■ **WHAT TO PRODUCE**
From the line holding "BDL36020LU, Square D, Schneider" through the line holding "Антенна OMNI-705 —" below, write out every line exactly; include both of those lines and drop the pictures.

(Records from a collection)
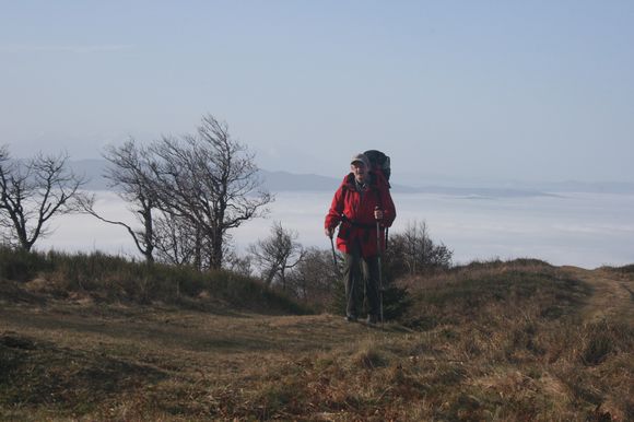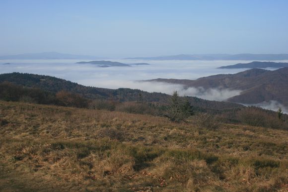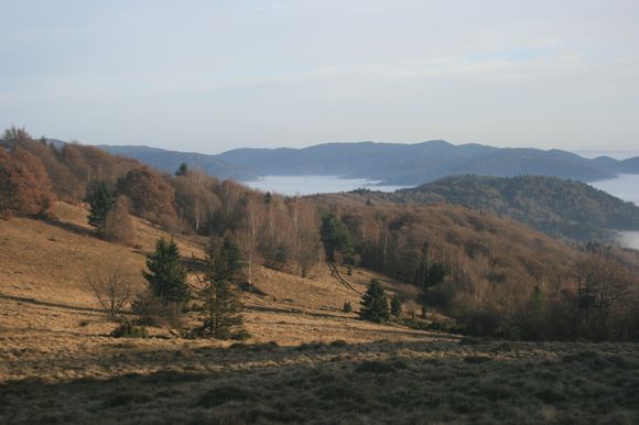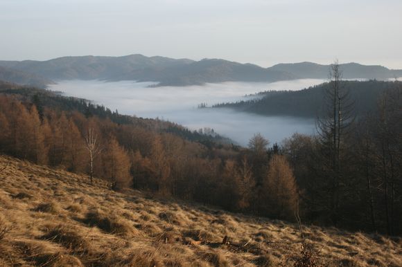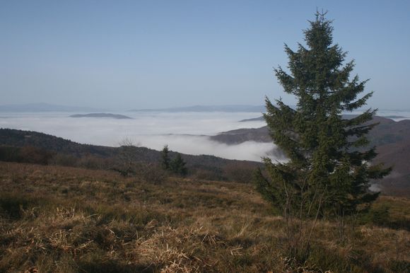 V sobotu ráno sa stretávame na stanici, stihol som si kúpiť nejaké pečivo a kefírové mliečko, potom noviny a lístky a po obligátnej slovnej kontrole, či máme všetko potrebné, nastupujeme do vlaku. Je až nepríjemne vykúrený, ťahá nás do driemot. V Lipanoch máme tri minúty na prestup do jednovozňového motoráčiku smer Plaveč. Pohľad z okna je pochmúrny – hmla, sychravo, vlhko, chladno. Až vo mne klíčia pochybnosti, našťastie ich zadupávam hlboko pod čiernu zem. V obci Ďurková máme prvý orientačný problém, ktorý musí vyriešiť až mapa, lebo nič okolo seba nevidíme. Na odbočke ku Šarišskému Jastrabiu prezliekam bundu, dávame štartovací pohárik rumu a šliapeme. Za obcou nás vedie žltá značka lúkami, po rozbahnenej ceste. Orientácia je sťažená absenciou výhľadu do okolia. Pod lesom bahna pribúda, tak si bahníme. Na kóte Hriňová máme vystúpaných už skoro osemsto výškových metrov a Tibor je čoraz netrpezlivejší, kedyže bude svietiť Slnko, o ktorom som mu nadšene vykladal vo vlaku. O inverzii už kadečo počul, ale live ju nezažil. Vybaľuje si nové trekové paličky, ja som nebral, hovorím, že až od 1500 metrov vyššie. Konečne sa okolo nás pretrháva biely závoj hmly a nad sebou vidíme ostrovčeky kráľovskej modrej – oblohy. Nálada sa nám rapídne lepší, až si dávame pauzu, lebo Tibor povedal, že musíme dbať na správny pitný režim. Konečne sme nad hornou hranicou hmly, v lese začína byť príjemne. Vychádzame do sedla a nesmelo sa nám otvárajú výhľady na krajinu pod nami, ktorú vlastne len tušíme, lebo je zaliata sladkou bielou smotanou. Pred záverečným stúpaním na vrchol sa dostávam do správnej chodeckej eufórie a šliapem vytrvalo, až kým sa ďalej nedá. Dvojica turistov pred vetrom učupená za vrcholovým pylónom na mňa udivene zazerá, nezačuli, kedy som došiel. Zhadzujem batoh, rozhliadam sa okolo a je čo obdivovať. Z mliečneho oceánu vykukujú tmavé ostrovčeky roztratených kopcov. Rýchlo vyberám ploskačku, lebo už sa blíži Horský vlk II a musím mu patrične pogratulovať k zdolaniu najvyššieho vrchu Čergovského pohoria s nadmorskou výškou 1157 m. A k tomu patrí aj jeden frťan. Užívame si neuveriteľných výhľadov, zažívam fotobláznenie, aj Tibor sa pridáva a fotí mobilom. Identifikujem trojvrchol Busova, aj kopček Magury, hrebeň Levočských vrchov, pieninské Tri koruny, zasnežené Tatry sú cudne zahalené v opare. Dlho sa ale nezdržiavame, ostro nás prefukuje. Pokračujeme ďalej a neustále sa otáčame, doľava, doprava i dozadu, stále je čo obdivovať. Príjemný trávnatý chodník postupne klesá, vedie po rozsiahlych lúkach s bohatými zárastami čučoriedok, bohužiaľ už sú úplne holé, bez plodov i bez lístia. Tesne pod vrcholom sú ostrovčeky snehu – pozostatok z temer polmetrovej vrstvy snehu, ktorý tu napadol pred tromi týždňami. Priebežne Tiborovi komentujem viaceré cesty, ktoré som tu ešte počas pôsobenia v Bardejova často podnikal. Mnohé zákutia sú mi hneď povedomé, mnohé zmenili svoju tvár. V sedle pod Forgáčkou stojíme dlhšie. Spomínam na rodinné táborenie, keď sme sa štyria tiesnili v dvojmiestnom stane, na večerné ohníky, umývanie v potoku, pozorovanie oblohy. Sú dve hodiny popoludní a my až teraz obedujeme. Rozložili sme sa na svahu, ktorý ožiaruje Slnko, je teplo a príjemne. Do sedla Priehyba to už nie je ďaleko, ale musíme zdolať Dvoriská. Skoro presne podľa prepočtov doň schádzame okolo pol štvrtej, už sa stmieva a cez sedlo sa prevaľuje slizká, vlhká a studená hmla. Priamo v sedle je lúka totálne rozbahnená od ťažkých mechanizmov, vraciame sa späť na lúku vedľa cesty. Voda sa nám minula, márne hľadám prameň, ktorý tu kedysi vyvieral. Rozdeľujeme si pracovné úlohy, ja zbieham do údolia smerom k Livovu pohľadať vodu, Tibor sa hotuje rozložiť oheň, lebo máme všetko prevlhnuté. Tenký potôčik nachádzam asi desať minút od táboriska, naberám skoro päť litrov vody a ruky mi pri návrate tuhnú od chladu a studenej vody. Tibor statočne bojuje s ohňom, ale nedarí sa mu presvedčiť ho, aby sa rozhorel, drevo je vlhké. Vyberáme sa najprv nazbierať drevo, potom už za svitu čeloviek staviame stan a nakoniec sa púšťame do založenia ohňa. Vypiplávame ho ako malé decko, od najtenších smrekových vetvičiek a plátkov brezovej kôry, cez asi centimeter hrubé konáriky, trpezlivosť sa vypláca a konečne sa chytajú aj hrubé vetvy a oheň veselo plápolá. Nastáva čas ukojiť hlad a smäd. Tibor nahadzuje svoj nový plynový Primus, voda raz-dva zovrie, varím polievku a večerný čaj, napájame sa rumom i Metaxou. Potom je na rade slaninka s horčicou a cibuľou, povedal som si, že môžem raz za čas ignorovať cestoviny a iné instantné gebuziny. Tibor generálne suší na paličkách rozvešané mokré oblečenie pri ohni, ja priamo na sebe, akurát topánky vytŕčam do plameňov. Priebežne si pripravujeme lôžka, Tibor vybaľuje ďalšiu novotu svojej výbavy – parádnu samonafukovaciu karimatku, dokonca s protišmykovou úpravou! Hmla sa postupne vytráca, nad nami sa rozprestrela nádherná hviezdna lúka s miliónmi žiariacich kvetín a mliečnou dráhou. Romantický večer podfarbuje zavýjanie dvoch vlkov, ktoré sa nečakane ozýva z náprotivného svahu a mierne nahlodáva pokoj a mier tohto večera. Tibor sa sám uisťuje, že vlci útočia len vo svorke a ja mu to nevyvraciam. Niečo pred ôsmou zaliezame do stanu, nastáva prezliekanie do spacieho prádla a súkanie sa do spacieho vreca. Stan sme nepostavili na ideálnej rovine, ale na naklonenej, viem, že v noci sa budem musieť súkať od vchodu späť nahor. Nakoniec zaspávame. Ráno jeden druhého presviedčame, že sme vôbec nespali, len sa prevaľovali v akýchsi polodriemotách, a že ten druhý 
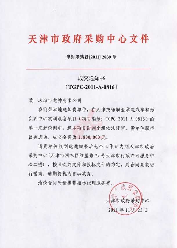 我們榮幸的通知貴單位,在天津交通職業(yè)學(xué)院汽車整形實訓(xùn)中心實訓(xùn)設(shè)備項目(項目編號:TGPC-2011-A-0816)的單一來源談判中,經(jīng)本項目談判小組依法審評,貴單位獲得談判成功,成交金額為1,800,000元。
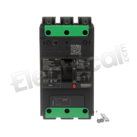 BDL36020LU, Square D, Schneider Electric, PowerPact, type BDL, 3PH, 3P, 600V, 20A, 18kA@480V, Feed-Thru, complete with EverLink connectors, LI - Long-Time and Instantaneous trip functions, Thermal Magnetic, molded case circuit breakers
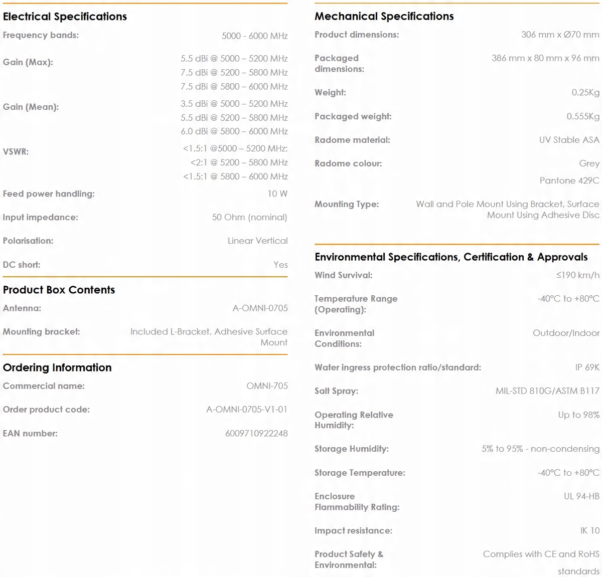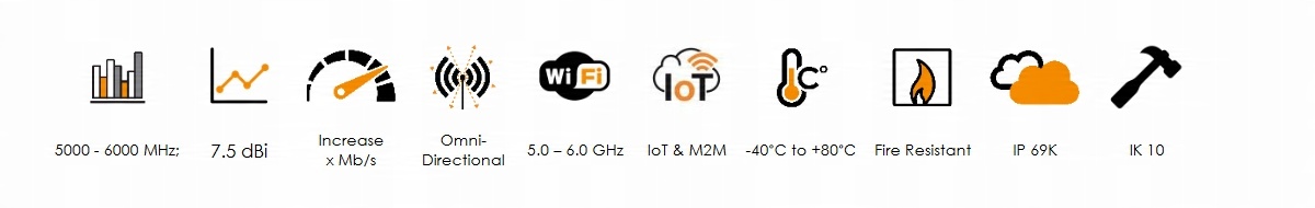 Антенна OMNI-705 — это всенаправленная антенна Wi-Fi, разработанная компанией Poynting. Антенна работает в диапазоне 5,0 – 6,0 ГГц, перекрывает диапазон Wi-Fi 5 ГГц и имеет максимальное усиление 7,5 дБи. Постоянное усиление по всему диапазону обеспечивает улучшенную производительность при надежном соединении. Антенна разработана для превосходного контроля диаграммы направленности во всем диапазоне частот, что делает OMNI-705 исключительной всенаправленной антенной для своего размера. Антенну можно подключить к любой точке доступа Wi-Fi и обеспечить высочайшую производительность и гибкость Wi-Fi. Прочная конструкция корпуса обеспечивает защиту в неблагоприятных условиях окружающей среды по стандартам IP 69К и IK 10. Антенна имеет в основании гнездовой разъем типа N, к которому можно подключить кабель нужного типа и длины.
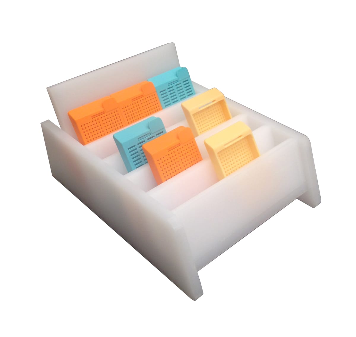 Histology cassette organizer holds 15 tissue / biopsy cassettes. Durable, heavy duty construction. Slanted design keeps cassettes upright for easy access. Also holds slides.
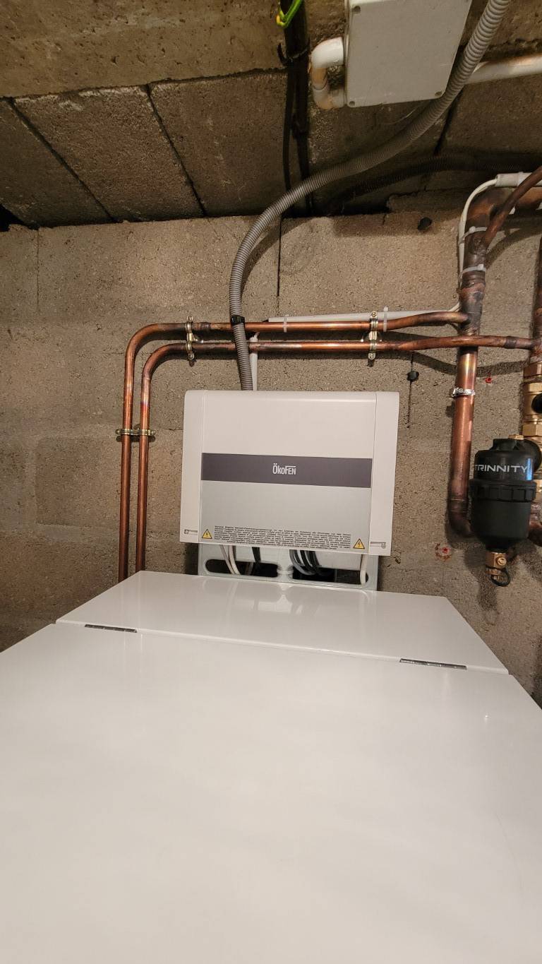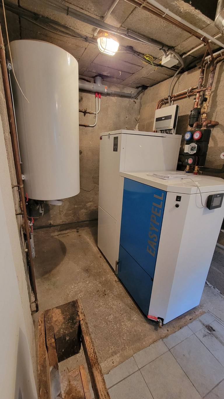 À Guérigny, dans la Nièvre (58), installation d'une chaudière à granulés de bois/pellets Easypell ÖkoFEN, d'une puissance de 16 kW avec son silo à chargement manuel d'une capacité de 165 kg
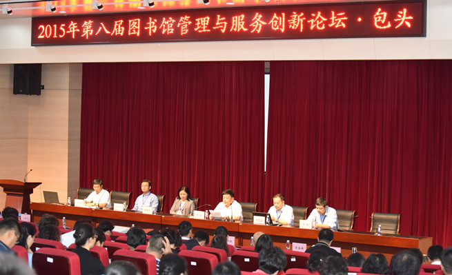 9月10日上午,“全国第八届图书馆管理与服务创新论坛”学术会议在我校图书馆学术报告厅召开。本次会议由教育部高等学校图书情报工作指导委员会、中国图书馆学会高等学校图书馆分会、上海交通大学图书馆主办,我校图书馆承办。清华大学图书馆馆长邓景康、香港理工大学图书馆馆长黄朝荣、北京大学图书馆副馆长陈凌、东北师范大学图书馆馆长刘万国及全国各地高校图书馆馆长、副馆长、研究员近200人参加会议,此外,自治区、包头市(区)图书馆界同仁及出版书商、数据库公司代表也参加本次会议。
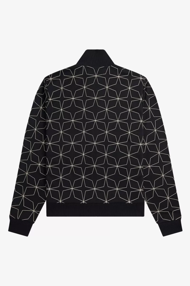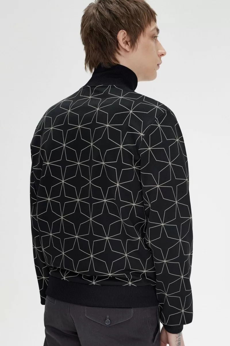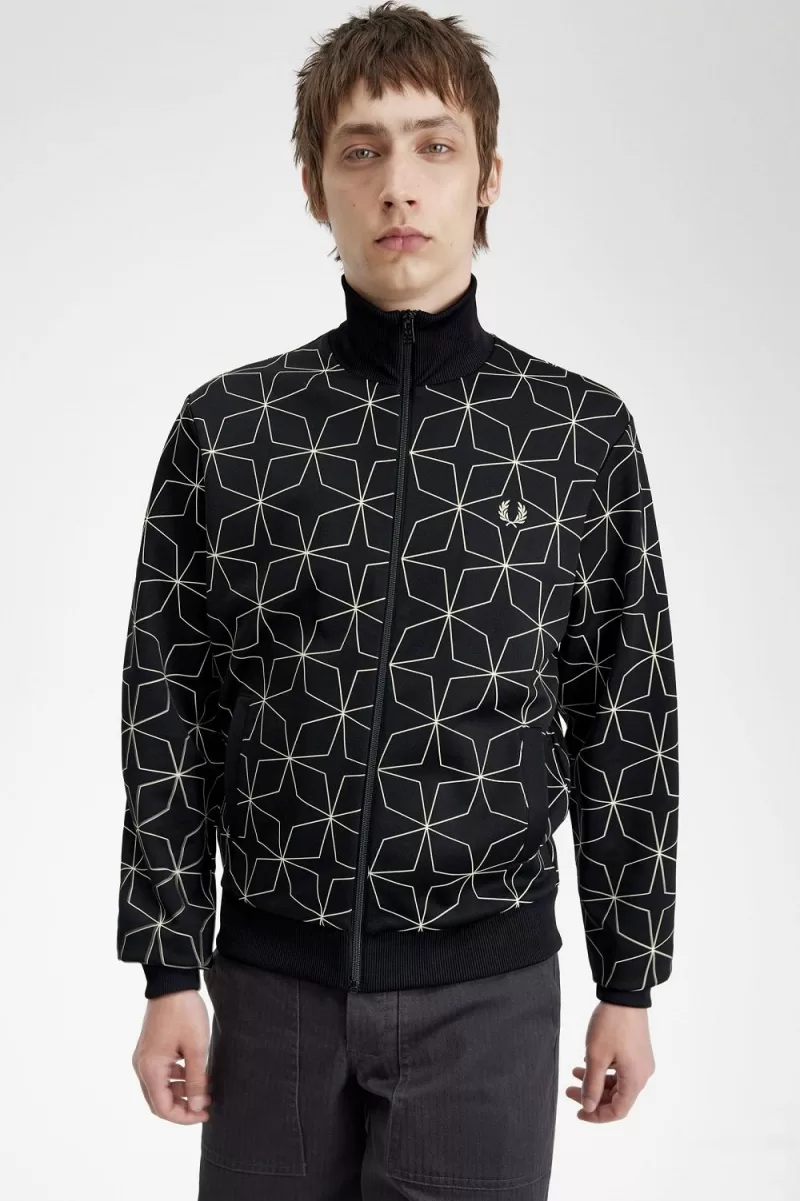 Fred Perry Geometric Print Men’s Track Jackets Black | PQUJO2649
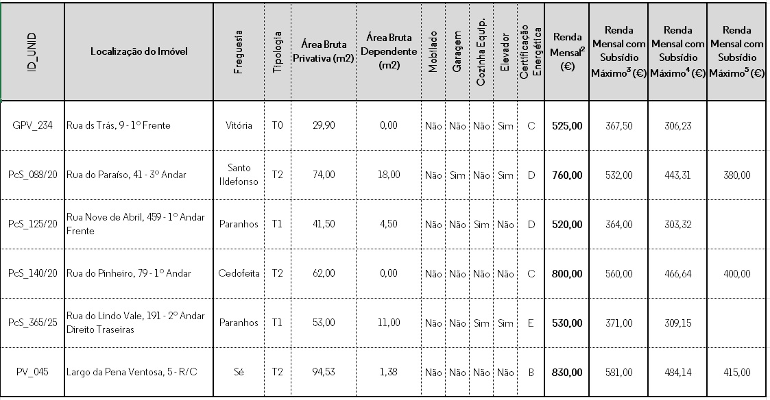 A Porto Vivo, SRU - Sociedade de Reabilitação Urbana do Porto, E.M., S.A., com sede na Avenida Fernão de Magalhães, 1862 – 9º andar, 4350-158 Porto, torna pública a abertura de um procedimento para colocação no mercado de arrendamento e de subarrendamento a rendas acessíveis de 6 (seis) habitações, sendo 4 (quatro) do âmbito do Programa Municipal “Porto com Sentido”, 1 (uma) da propriedade da Porto Vivo, SRU, e 1 (uma) de propriedade municipal sob gestão da referida empresa municipal.
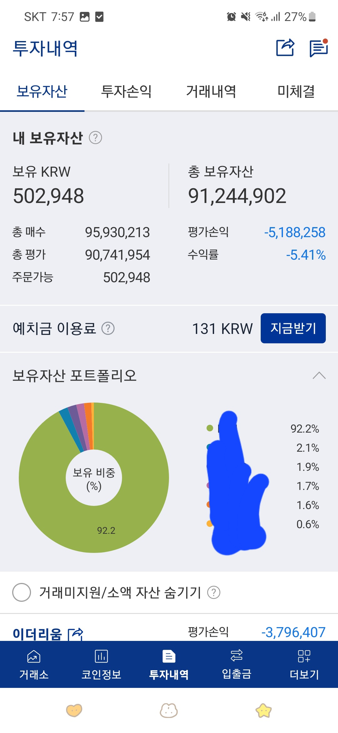 다행이 지금은 다시 조금 반등해줬지만 여전히 수익률은 -500만원 왔다갔다 하고 있습니다.
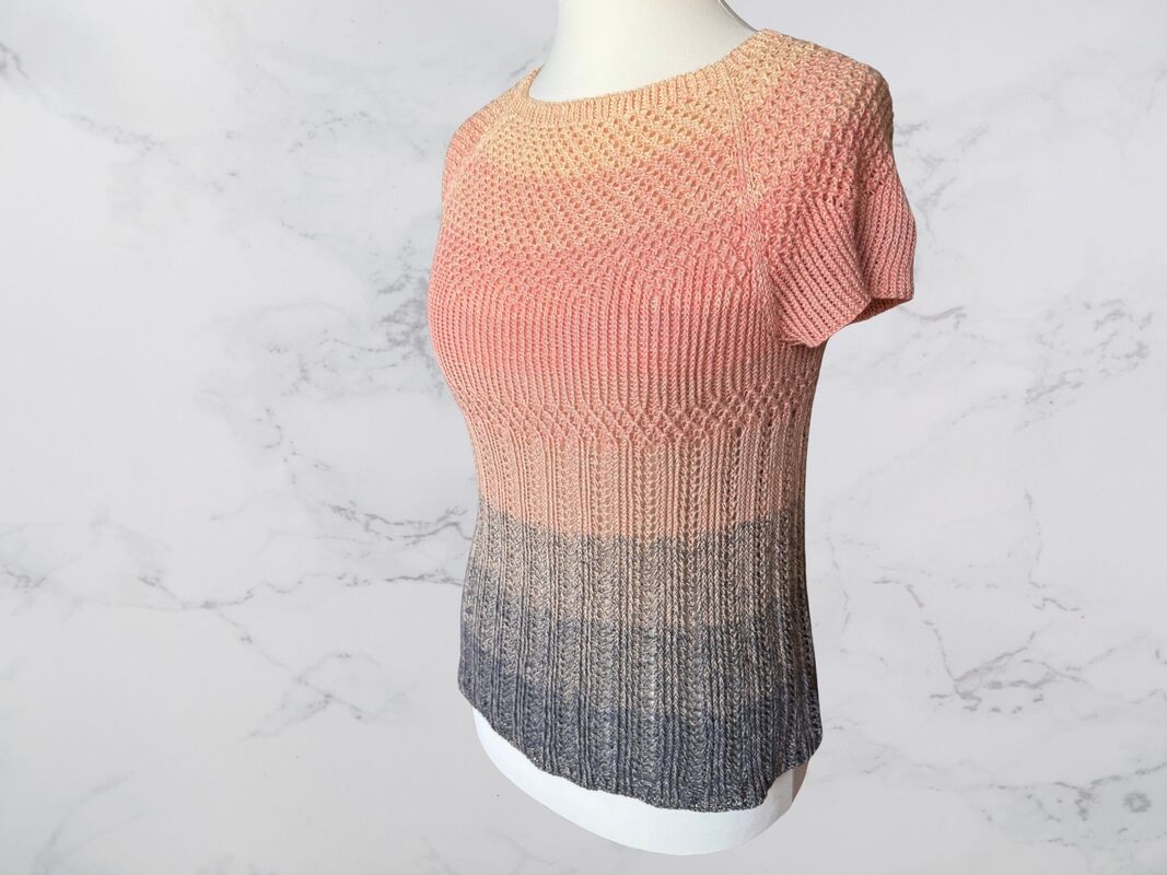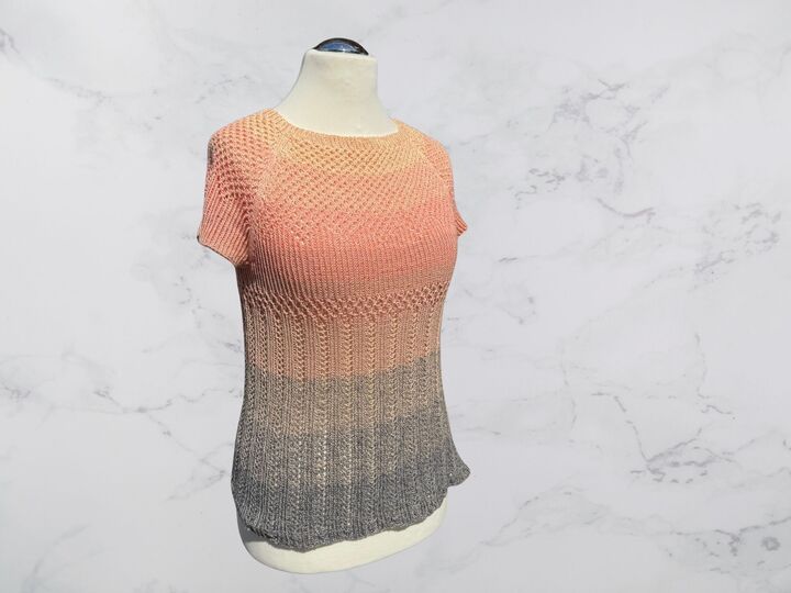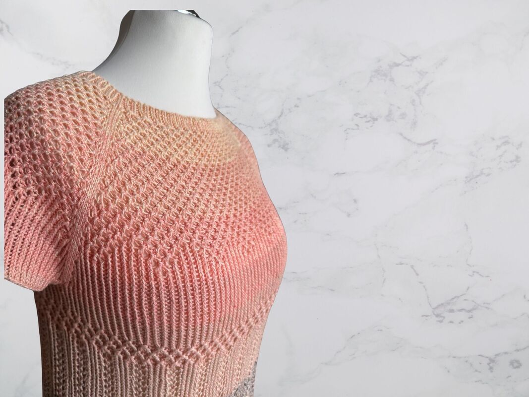 Dieses leichte Sommershirt wird nahtlos von oben nach unten gestrickt.

■ **ANSWER TO THIS EXERCISE**
 BDL36020LU, Square D, Schneider Electric, PowerPact, type BDL, 3PH, 3P, 600V, 20A, 18kA@480V, Feed-Thru, complete with EverLink connectors, LI - Long-Time and Instantaneous trip functions, Thermal Magnetic, molded case circuit breakers
 Антенна OMNI-705 — это всенаправленная антенна Wi-Fi, разработанная компанией Poynting. Антенна работает в диапазоне 5,0 – 6,0 ГГц, перекрывает диапазон Wi-Fi 5 ГГц и имеет максимальное усиление 7,5 дБи. Постоянное усиление по всему диапазону обеспечивает улучшенную производительность при надежном соединении. Антенна разработана для превосходного контроля диаграммы направленности во всем диапазоне частот, что делает OMNI-705 исключительной всенаправленной антенной для своего размера. Антенну можно подключить к любой точке доступа Wi-Fi и обеспечить высочайшую производительность и гибкость Wi-Fi. Прочная конструкция корпуса обеспечивает защиту в неблагоприятных условиях окружающей среды по стандартам IP 69К и IK 10. Антенна имеет в основании гнездовой разъем типа N, к которому можно подключить кабель нужного типа и длины.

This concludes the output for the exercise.